Exercise brief: Your response should contain exactly the lines running from the one with "Экспериментально показано, что" to the end of the data below, both included, and no pictures.
Input data Start Marker
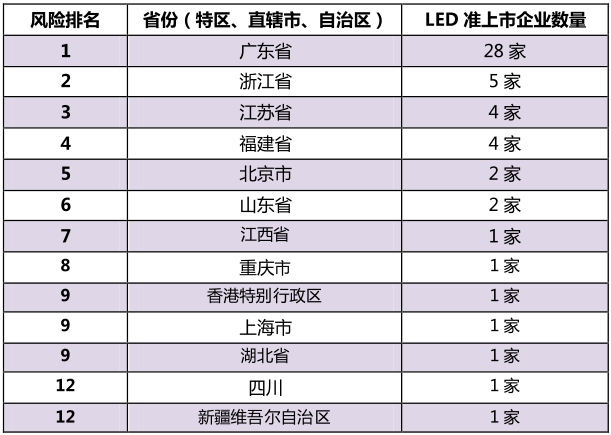 目前,中国LED上市企业超过50家,总部分布于全国13个省份(特区、直辖市、自治区),分布在上游外延芯片、中游封装、下游应用和配套设备、材料、配件这4块产业链当中。根据各省(特区、直辖市、自治区)的LED企业发生形象危机的数量、损失、危害和影响程度,对中国LED准上市企业形象危机风险作出以下排名。
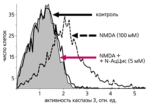 Экспериментально показано, что после длительной (30 мин) индукции окислительного стресса активацией NMDA-рецепторов появляются и некротические, и апоптозные клетки, причем их долю в популяции легко рассчитать (рис. 2). Таким образом, в руках исследователей имеется модель, позволяющая оценивать как потенциальную уязвимость нейронов со стороны различных факторов, так и возможность защиты клеток от апоптоза или некроза (например, с помощью лекарственных препаратов).
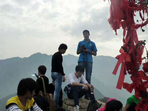 秋日的翠华山景区,放眼望去,群山起伏,交错环绕,山顶薄雾氤氲,满山红黄秋叶和间或露出的白褐色山石相互点缀,把整个山间装点的绚烂多姿。一下车,留学生们立刻被这里的美景所吸引。大家边观赏着沿途美景,边呼朋引伴,缓步前行,一路欢声笑语,齐心协力向顶峰攀登。
Input data End Marker
Task solution:
 Экспериментально показано, что после длительной (30 мин) индукции окислительного стресса активацией NMDA-рецепторов появляются и некротические, и апоптозные клетки, причем их долю в популяции легко рассчитать (рис. 2). Таким образом, в руках исследователей имеется модель, позволяющая оценивать как потенциальную уязвимость нейронов со стороны различных факторов, так и возможность защиты клеток от апоптоза или некроза (например, с помощью лекарственных препаратов).
 秋日的翠华山景区,放眼望去,群山起伏,交错环绕,山顶薄雾氤氲,满山红黄秋叶和间或露出的白褐色山石相互点缀,把整个山间装点的绚烂多姿。一下车,留学生们立刻被这里的美景所吸引。大家边观赏着沿途美景,边呼朋引伴,缓步前行,一路欢声笑语,齐心协力向顶峰攀登。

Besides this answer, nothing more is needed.